Figure 1: DDL for the Published Practice Data
CREATE TABLE Practice.DecisionTreeTable(
ID bigint IDENTITY(1,1) NOT NULL,
PlayFootball bit NOT NULL CONSTRAINT DF_DecisionTreeTable_PlayFootball DEFAULT ((0)),
Outlook nvarchar(50) NULL,
Humidity nvarchar(50) NULL,
Temperature nvarchar(50) NULL,
Windy bit NOT NULL CONSTRAINT DF_DecisionTreeTable_Windy DEFAULT ((0)),
CONSTRAINT PK_DecisionTreeTable PRIMARY KEY CLUSTERED
( ID ASC
)WITH (PAD_INDEX = OFF, STATISTICS_NORECOMPUTE = OFF, IGNORE_DUP_KEY = OFF, ALLOW_ROW_LOCKS = ON, ALLOW_PAGE_LOCKS = ON) ON PRIMARY) ON PRIMARY
Figure 2: Customary Practice Data Values
…………The novel solution provided here returns the correct tree structures and information gain figures for the sample data I’ve tested it on, which can be downloaded from University of Toronto Prof. Saed Sayad’s website[vi] and plugged into the SQL Server table defined in Figure 1. His sample data is apparently taken from the third chapter of Carnegie Mellon University Prof. Tom M. Mitchell’s 1997 book [vii] on Machine Learning, where judgments are made on whether or not to play tennis based on frequency tables of three columns of categorical data (Outlook, Temperature and Humidity) and a Boolean value for Windy. Sayad took the liberty of changing Mitchell’s PlayTennis column to PlayGolf, so I’ll do the same and alter it to PlayFootball (something my favorite team, the Buffalo Bills, hadn’t done in a generation at the time I put this experiment on the back burner). I considered changing the Temperature figures to something more appropriate for the NFL, like “Blizzard” and “Ice Bowl” but wasn’t sure if non-fans would get the cultural references. I’m not crazy on cluttering T-SQL code tutorials with a flood of INSERT…VALUES statements, so I’ve substituted a screenshot of what the final table should look like in Figure 2. The same tutorial values are often recycled in the literature on Decision Trees, which makes debugging easier, since others experience errors on familiar sets of attribute-value pairs. This was a silver lining to a very dark cloud, because an additional round of debugging is necessary to cram the tree structures into OLTP and OLAP systems that were not designed to handle them. Data analysts already have their hands full addressing the shortcomings listed in the last section, so it is probably wise to calculate Information Gain in other software tools that do not come with this added baggage.

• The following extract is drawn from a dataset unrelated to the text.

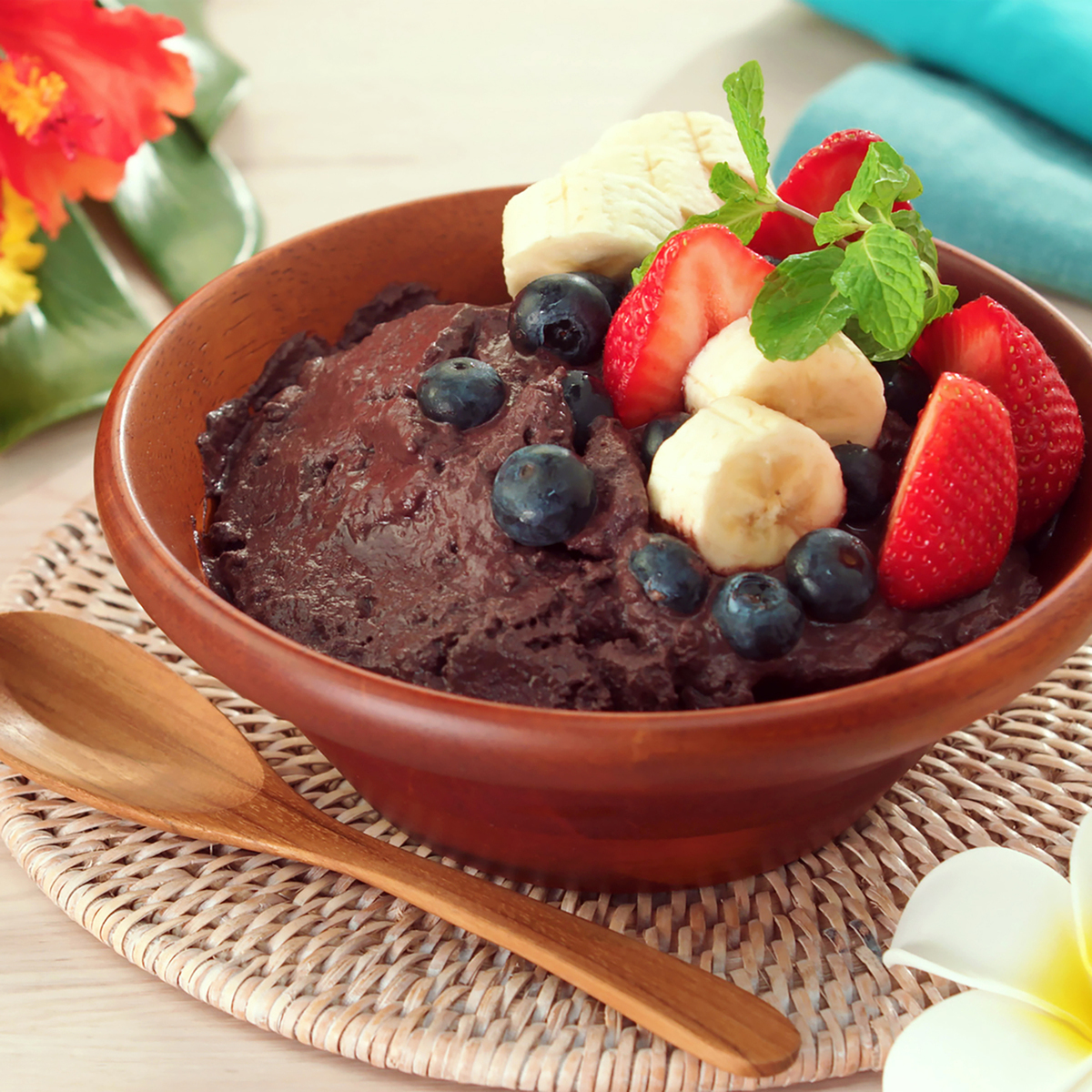 使い勝手の良い100gパックの冷凍アサイーピューレ。アサイーボウルやスムージーなどにお使いいただけます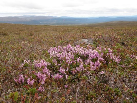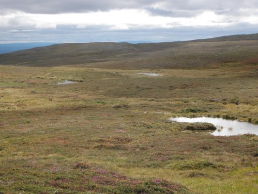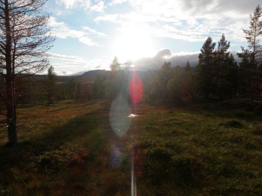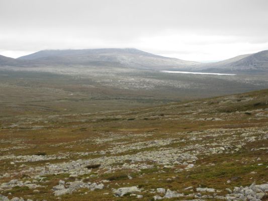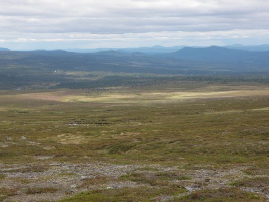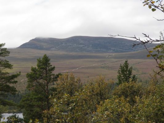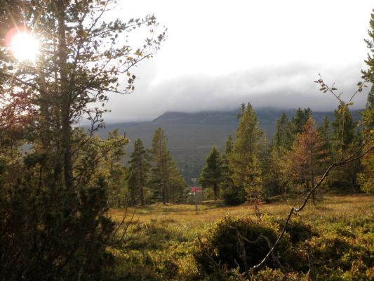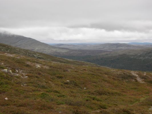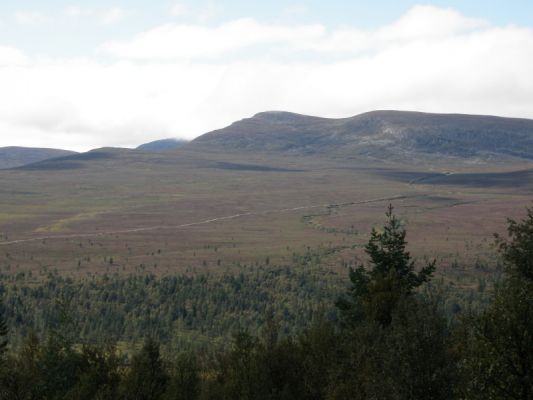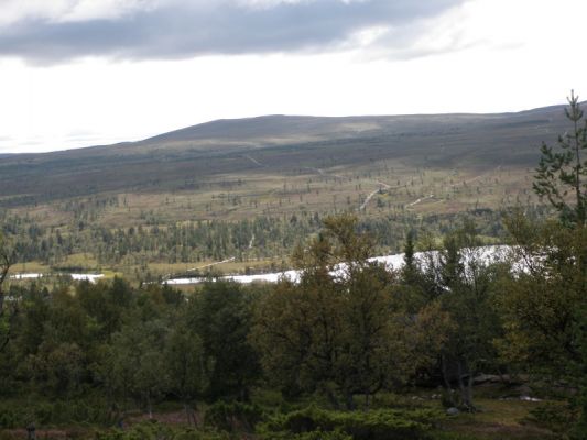 An der Baumgrenze öffnet sich uns ein schöner Blick nach Norwegen. Die beiden Hügelkuppen rechts im Bild umrunden wir morgen.

…………The results in Figure 4 match those of the intermediate and final entropy and Information Gain figures included in their tutorials, but as the length of the code in Figure 2 illustrates, arriving at these results in T-SQL is not a simple task. Working with trees is still notoriously awkward in any version of SQL, even after the addition of such helpful affordances as the hierarchyid data type, which is nowhere to be found in my sample code precisely because it can’t directly accommodate the kind of directed paths used in Decision Trees. Apart from the final SELECT and lengthy table variable definitions, we’re only speaking of 55 lines of code, which could obviously be compacted further by removing indentations. The length does not reflect the complexity of the derivation process, which included numerous alternative approaches that were ultimately scrapped, including several predicated on recursive common table expressions (CTEs). I’ve noticed a general progression in revision of my own code for algorithms of all types, towards gradually upgrading CTEs to table variables, then temporary tables, which can in turn be optimized with nonclustered indexes and the like when performance issues arise. Bottlenecks can be expected in the particular case of self-joins on CTEs, where the query optimizer invariably chooses to execute the exact same CTE queries twice. It also proved much simpler to debug table variables instead of inscrutable chains of CTEs; it would be trivial to change these to temp tables and perform additional fine-tuning, which I have not bothered to do here for reasons of code legibility and length.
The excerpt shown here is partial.